#### Required action:
Would you repeat the listing exactly, without any of its images?

START Recorded information

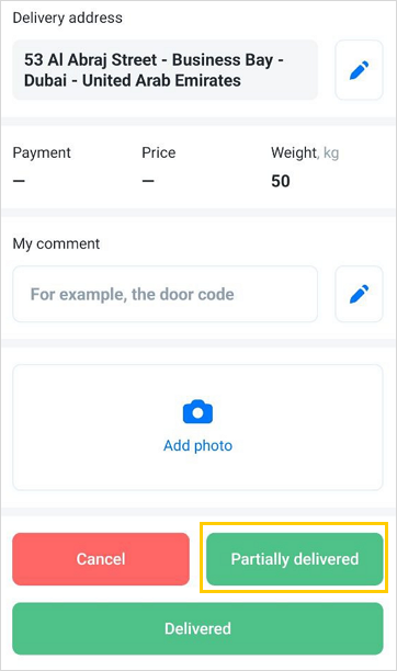 If the order wasn't delivered in full, the courier can set the Partially delivered status in the app and specify the reason. On the dashboard, these orders are marked with the
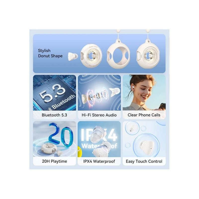 20 horas de autonomía total: 6 horas con los auriculares + 14 horas adicionales con el estuche de carga.
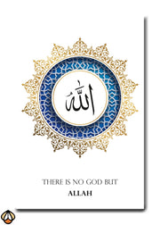 This stunning artwork beautifully features the Arabic calligraphy of "اللَّهُ" (Allah), surrounded by an elegant gold and blue geometric design. The intricate patterns of the border symbolize the vastness of Allah’s creation, while the simple yet powerful phrase "There is no God but Allah" serves as a reminder of the core belief of Islam — the oneness of Allah. The use of blue and gold adds a sense of serenity and divinity to the piece, making it a perfect addition to any space.
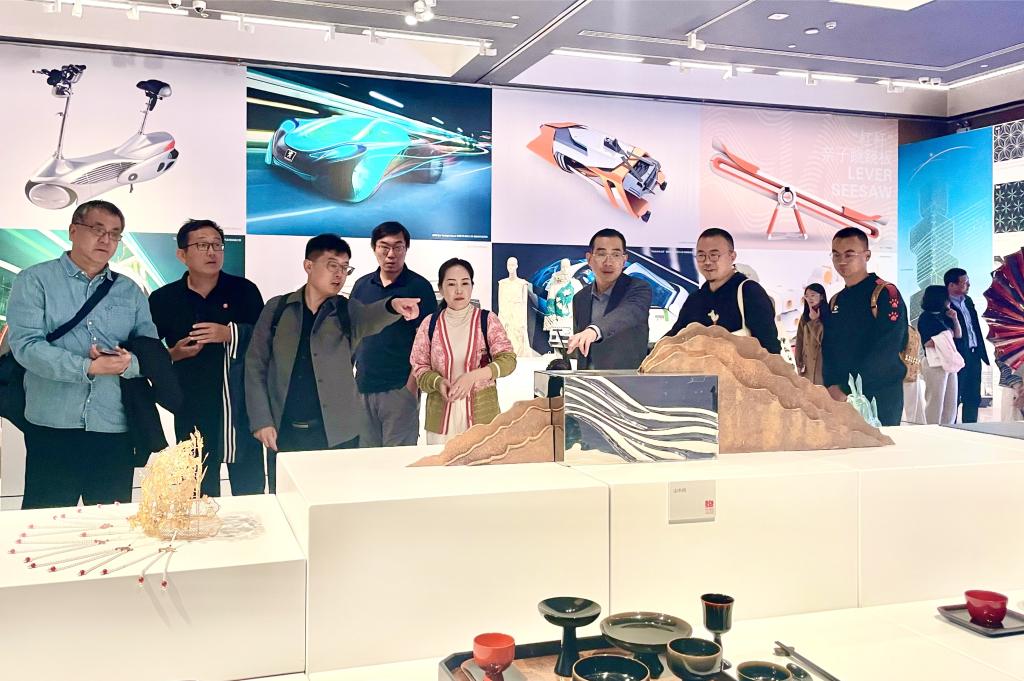 此次活动邀请到现代手工艺术学院副院长惠岩教授担任讲解。参观中,大家认真倾听惠岩教授的讲解,仔细观看每一件作品,认真阅读每一段文字,细细体悟学校发展建设五十年的辉煌历程,深刻感受在学校党委的坚强领导下,学校以“特色求发展”的办学理念和“为人民而设计”的办学成果。

END Recorded information

#### Written reply:
 If the order wasn't delivered in full, the courier can set the Partially delivered status in the app and specify the reason. On the dashboard, these orders are marked with the
 20 horas de autonomía total: 6 horas con los auriculares + 14 horas adicionales con el estuche de carga.
 This stunning artwork beautifully features the Arabic calligraphy of "اللَّهُ" (Allah), surrounded by an elegant gold and blue geometric design. The intricate patterns of the border symbolize the vastness of Allah’s creation, while the simple yet powerful phrase "There is no God but Allah" serves as a reminder of the core belief of Islam — the oneness of Allah. The use of blue and gold adds a sense of serenity and divinity to the piece, making it a perfect addition to any space.
 此次活动邀请到现代手工艺术学院副院长惠岩教授担任讲解。参观中,大家认真倾听惠岩教授的讲解,仔细观看每一件作品,认真阅读每一段文字,细细体悟学校发展建设五十年的辉煌历程,深刻感受在学校党委的坚强领导下,学校以“特色求发展”的办学理念和“为人民而设计”的办学成果。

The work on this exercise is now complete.